▶ _PROBLEM DESCRIPTION_:
Write the data out again exactly, dropping any images it holds.

▶ _COLLECTED DATA_:

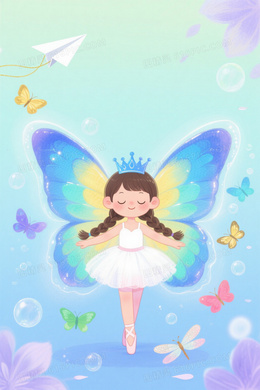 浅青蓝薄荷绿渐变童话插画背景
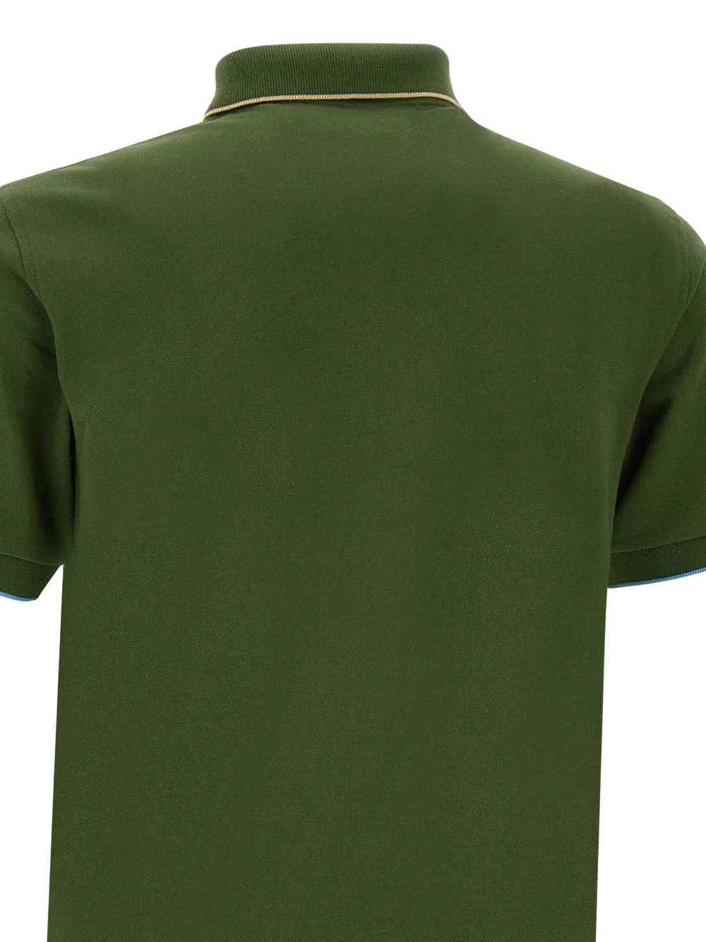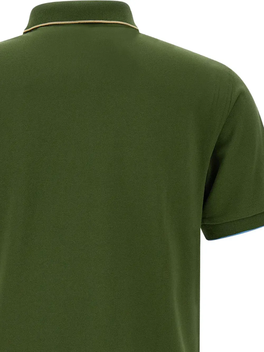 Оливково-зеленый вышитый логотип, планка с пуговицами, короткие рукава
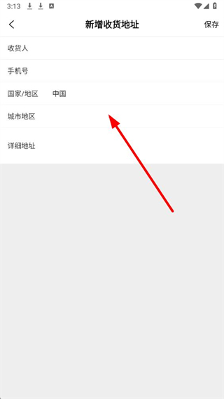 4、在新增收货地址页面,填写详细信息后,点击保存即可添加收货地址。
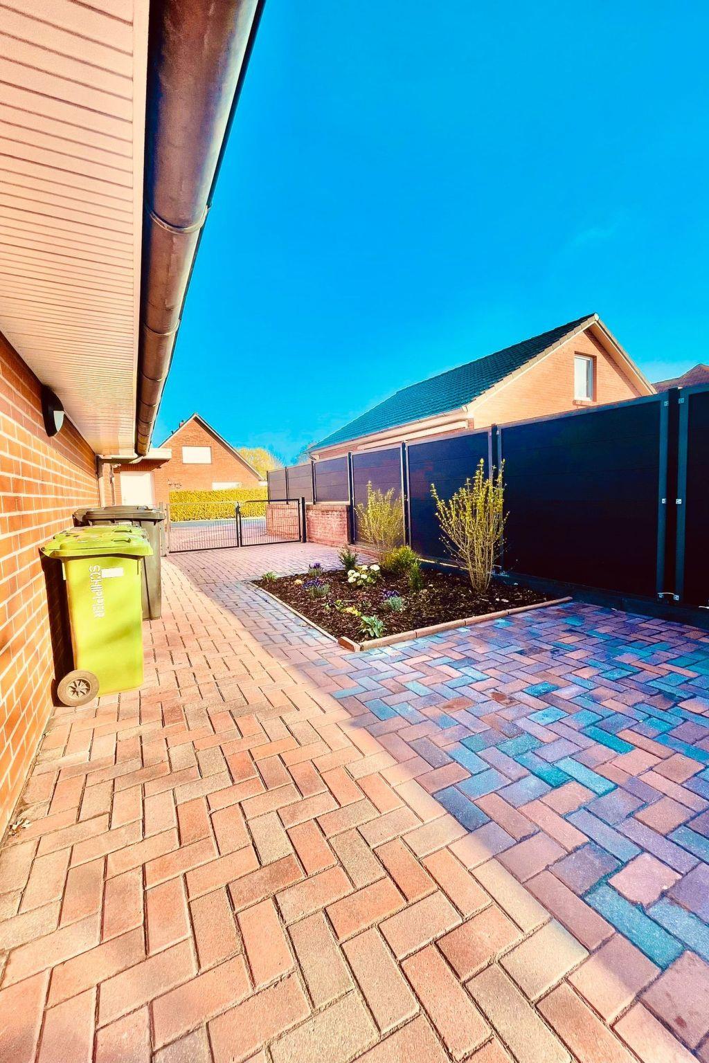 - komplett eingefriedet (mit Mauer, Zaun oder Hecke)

▶ _OUTPUT_:
 浅青蓝薄荷绿渐变童话插画背景
 Оливково-зеленый вышитый логотип, планка с пуговицами, короткие рукава
 4、在新增收货地址页面,填写详细信息后,点击保存即可添加收货地址。
 - komplett eingefriedet (mit Mauer, Zaun oder Hecke)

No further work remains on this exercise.